Между тем влияние варягов было не слишком значительно: «Кроме греков, новорожденная Русь находится в тесной связи, в беспрестанных сношениях с другим европейским народом — с норманнами: от них пришли первые князья, норманны составляли главным образом первоначальную дружину, беспрестанно являлись при дворе наших князей, как наемники участвовали почти во всех походах — каково же было их влияние? Оказывается, что оно было незначительно. Норманны не были господствующим племенем, они только служили князьям туземных племен; многие служили только временно; те же, которые оставались в Руси навсегда, по своей численной незначительности быстро сливались с туземцами, тем более что в своем народном быте не находили препятствий к этому слиянию. Таким образом, при начале русского общества не может быть речи о господстве норманнов, о норманнском периоде». Как видим, в этом выводе Соловьев не соглашался с Погодиным. «Но если влияние норманнской народности было незначительно, если, по признанию самых сильных защитников норманнства, влияние варягов было более наружное, если такое наружное влияние могли одинаково оказать и дружины славян поморских, столько же храбрые и предприимчивые, как и дружины скандинавские, то ясно, что вопрос о национальности варягов-руси теряет свою важность в нашей истории», — заключал исследователь. Соловьев тем самым занимал совершенно верную позицию, выводя «варяжскую проблему» из эпицентра идеологического фронта русской истории. К версии же Гедеонова он относился отрицательно. Вот его оценка «славянской гипотезы»: «Недавно г-н Гедеонов снова поднял вопрос о славянском происхождении варягов-руси… Исследования его замечательны своею отрицательною стороною, где он опровергает некоторые мнения ученых, держащихся скандинавского происхождения варягов-руси; но положительная сторона исследования не представляет ничего, на чем бы можно было остановиться… То же должно сказать и об исследованиях г-на Иловайского».

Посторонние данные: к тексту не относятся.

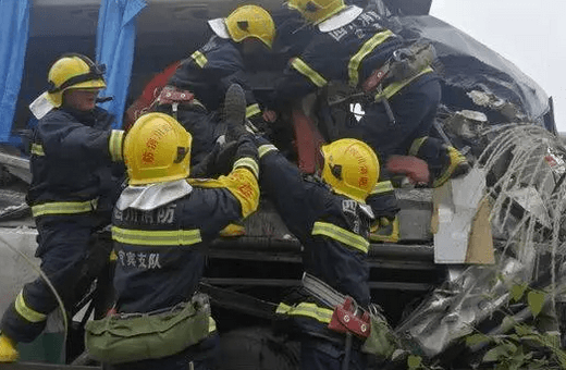 事故发生后,宜宾江安县消防救援力量出动14名消防员到场施救。事故现场一辆渝A牌照客车撞上应急车道上的水泥罐车,客车右前方一片狼藉,撞碎的车辆零部件下有三人被死死卡住。遗憾的是,经现场救护人员初步诊断三名被困者已身亡。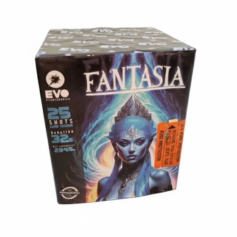 -56%Step into the vibrant dreamscape of Fantasia, a beautiful 25-shot cake from Evo Pyrotechnics. This low-noise straight-firing barrage offers a colourful and elegant performance lasting 32 seconds. Watch as tails of red, green, yellow, purple, and blue ascend, splitting into vivid matching colour stars—each effect perfectly punctuated by a shimmering silver strobe. With 25mm tubes, Fantasia delivers a graceful and richly coloured aerial spectacle suitable for any occasion. This Firework used to be called Moonfall.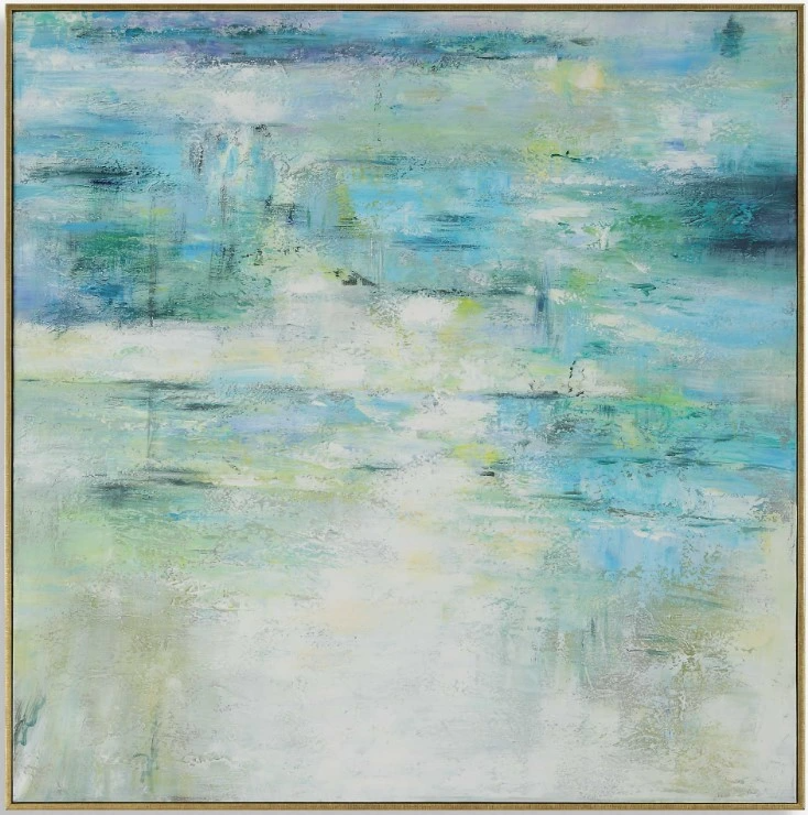 Made up of a bright color palette featuring shades of blue and green and surrounded by a gold gallery frame, Blissful hand painted canvas embodies the essence of tranquility and joy. Due to the handcrafted nature of this work, each piece may have subtle differences.Read More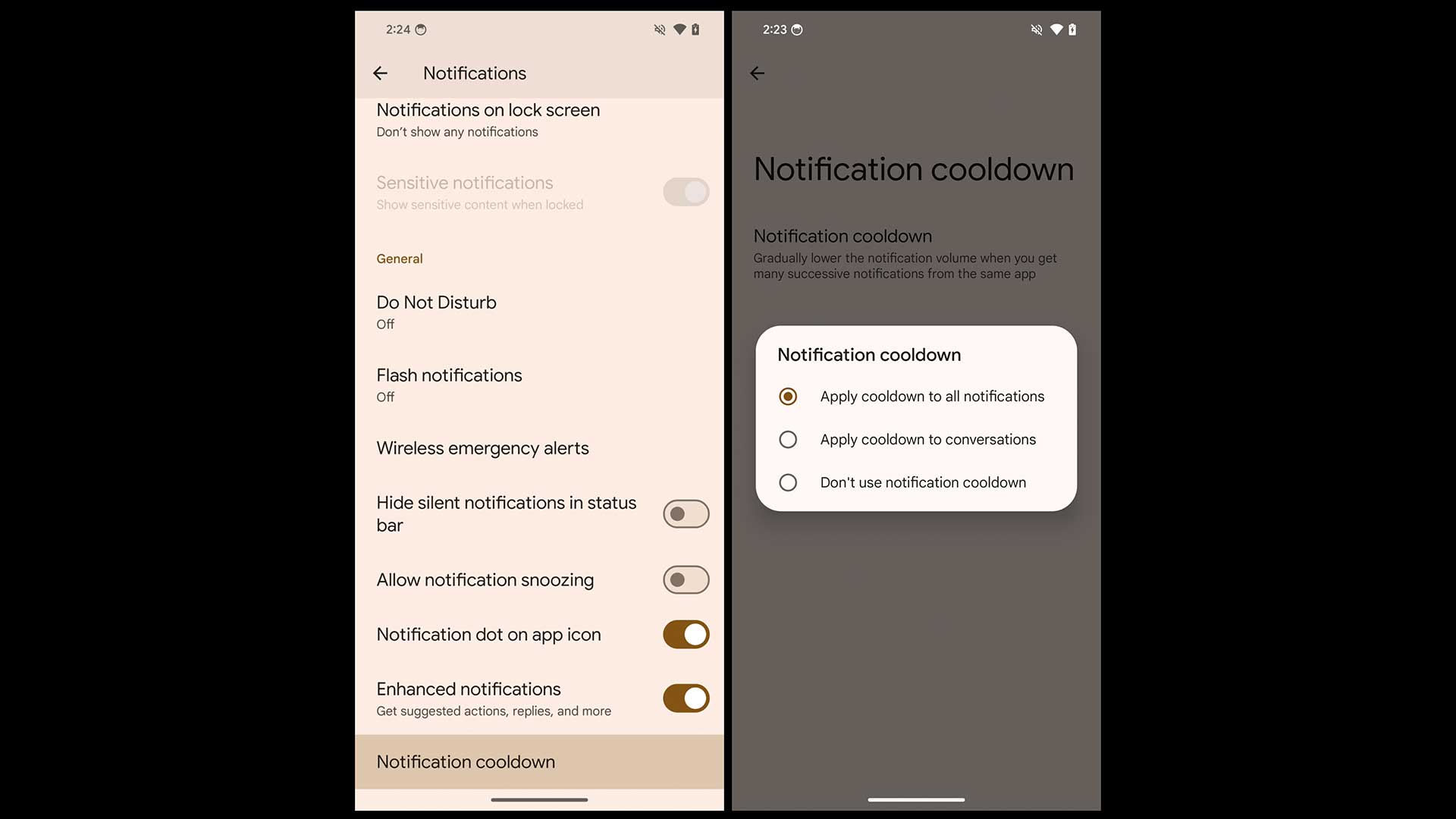 先日にGoogleはAndroid 15 Developer Previewの配信を開始しておりAndroid15の新機能が明らかになっています。そして今回の情報によると新機能として直訳で「通知クールダウン」が追加されることが判明したとしています。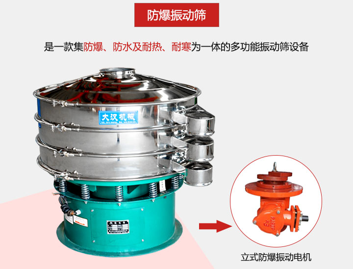 防爆振動篩是針對一些易產(chǎn)生爆炸行業(yè)的研發(fā)設(shè)計而成,是一款集防爆、防水及耐熱、耐寒特殊要求的場合為一體的多功能振動篩設(shè)備,能夠?qū)崿F(xiàn)該功能主要原因是防爆振動篩采用的是立式防爆振動電機(jī)。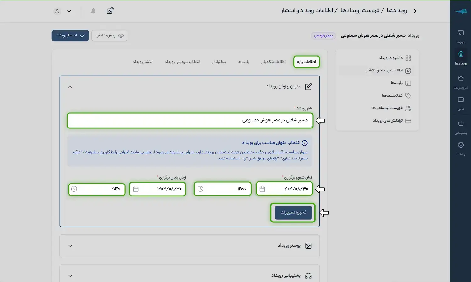 با کلیک کردن روی اطلاعات رویداد و انتشار وارد این بخش می شوید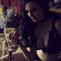 wearing lingerie and a choker with what appears to be a gothic or dark fantasy theme. She is holding a cigarette and seems to be smoking it. Her expression is contemplative or perhaps sad, looking away from the viewer. The background suggests an opulent interior, possibly designed for a character in
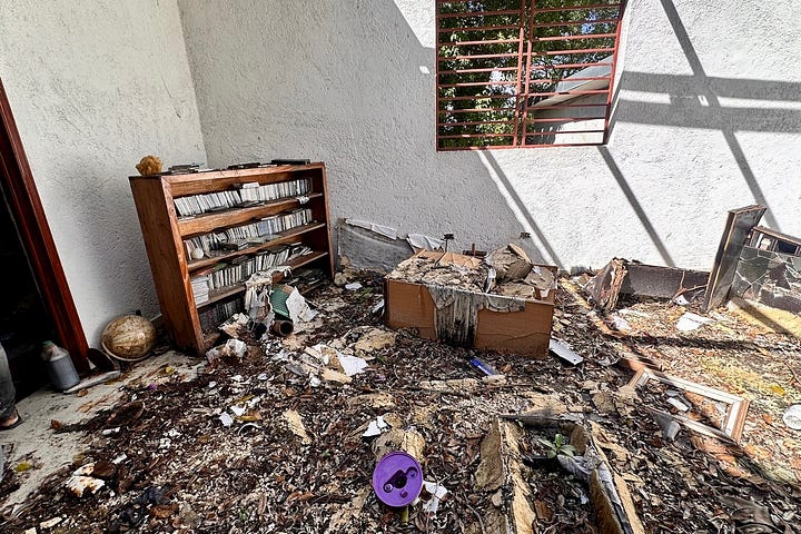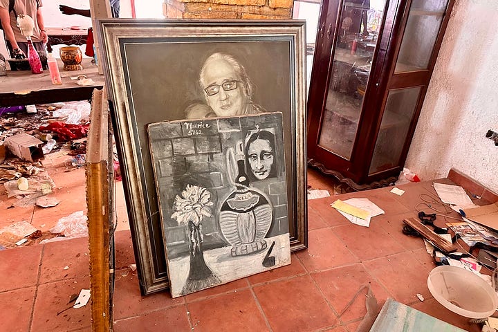 During our visit to the former Oloffson Hotel (photos below), we were accompanied by members of the neighborhood’s self-defense group. Before and after the fire, armed criminal groups occupied the famous hotel’s premises and grounds. The hotel had previously served as the headquarters of the RAM group and where Arcade Fire had previously performed.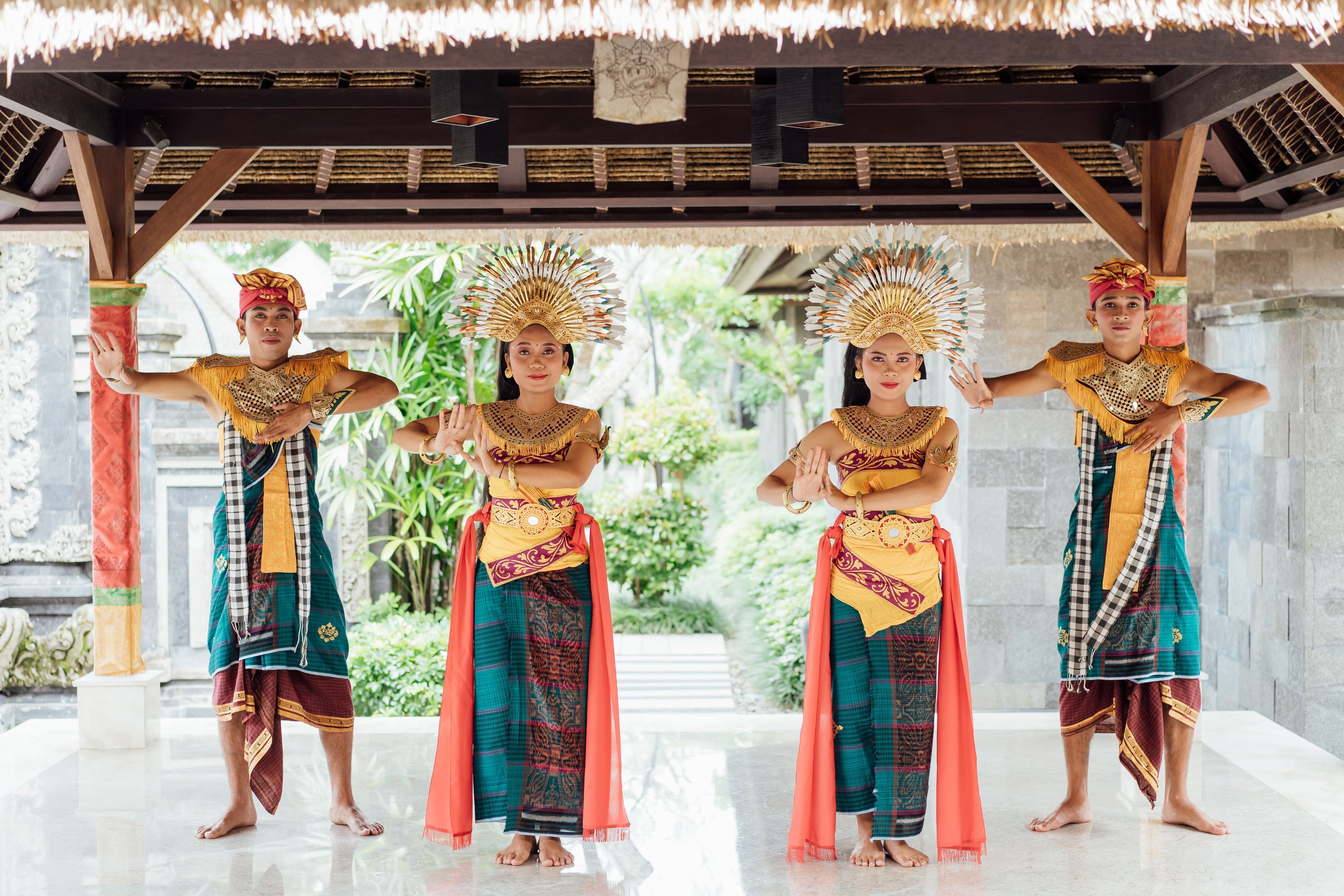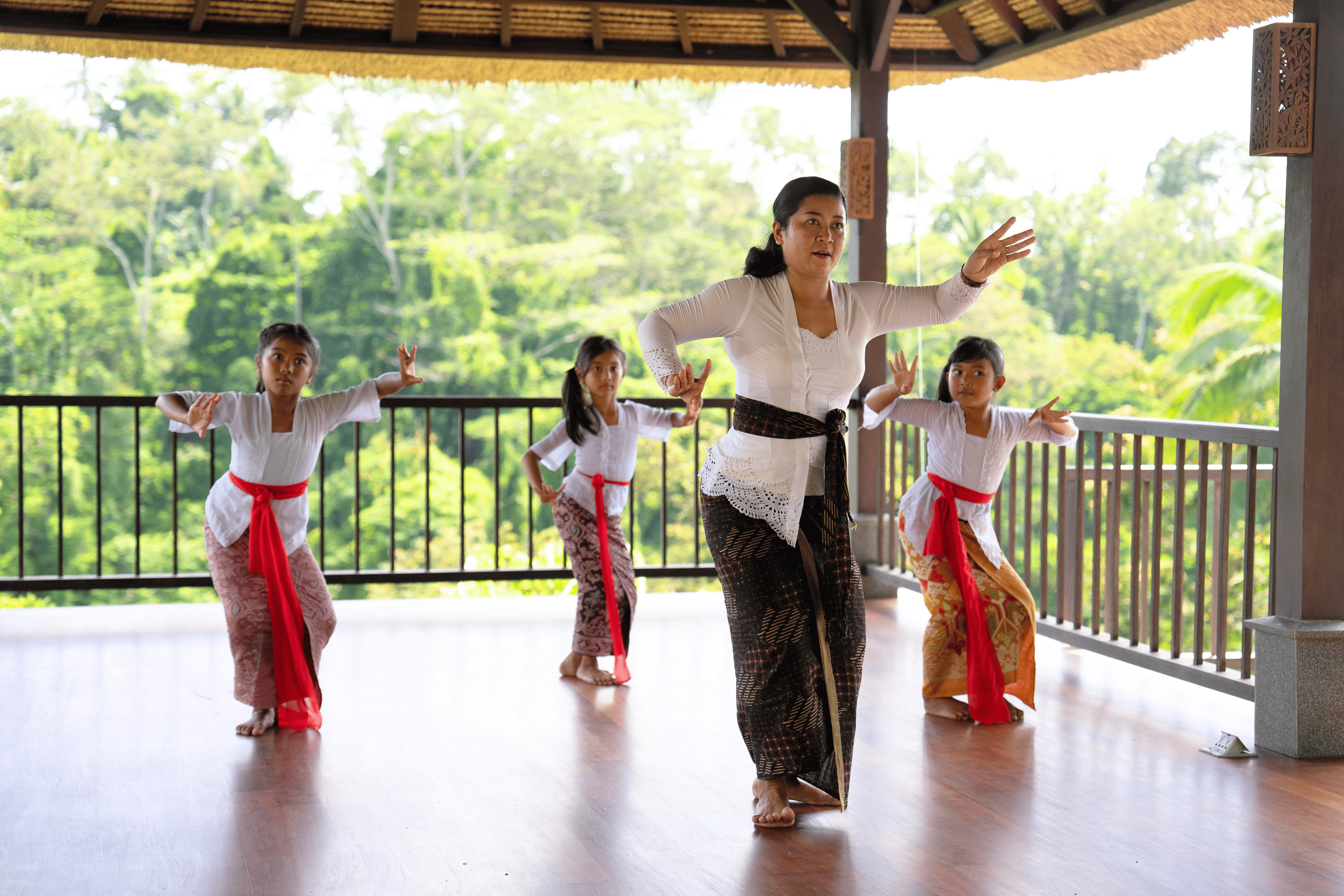 お子様は、バリの伝統の衣装を身に付け、地元出身のスタッフが楽しく手ほどきする「お子様向けバリ舞踊レッスン」に参加できます。さらに、クリスマスイブと大晦日には、バリの伝統舞踊「ジャンゲール・ダンス」を披露します。このダンスは、男女のカップルが歌と踊りを通じて交流する社交的な芸能です。共同体(バンジャール)の歓びや一体感を表現する際にバリ島で広く上演されます。新年をバリ島で迎えられるすべてのお客様と共に来る年を祝福し、明るい一年を祈念する想いを込め、地元の3組の踊り手が上演します。

Призвание же варяжских князей Соловьев расценивал как событие значительного масштаба для русской истории. Князья призывались «для установления наряда внутреннего» — именно так понимает это слово летописи Соловьев. «Какое значение имеет призвание Рюрика в нашей истории?» — задается он вопросом. И дает на него ответ: «Призвание первых князей имеет великое значение в нашей истории, есть событие всероссийское, и с него справедливо начинают русскую историю. Главное, начальное явление в основании государства — это соединение разрозненных племен чрез появление среди них сосредоточивающего начала, власти. Северные племена, славянские и финские, соединились и призвали к себе это сосредоточивающее начало, эту власть», которая затем объединила и все остальные племена[85]. Как историк так называемой «государственной школы», Соловьев именно в государстве видел одно из центральных звеньев исторического процесса. Его трезвый, научный взгляд на «норманскую проблему» позволил наконец вывести ее за рамки политических спекуляций и открыл пути для сугубо научного решения этого вопроса. Однако впоследствии историческая наука еще не раз в этом отношении «откатывалась назад».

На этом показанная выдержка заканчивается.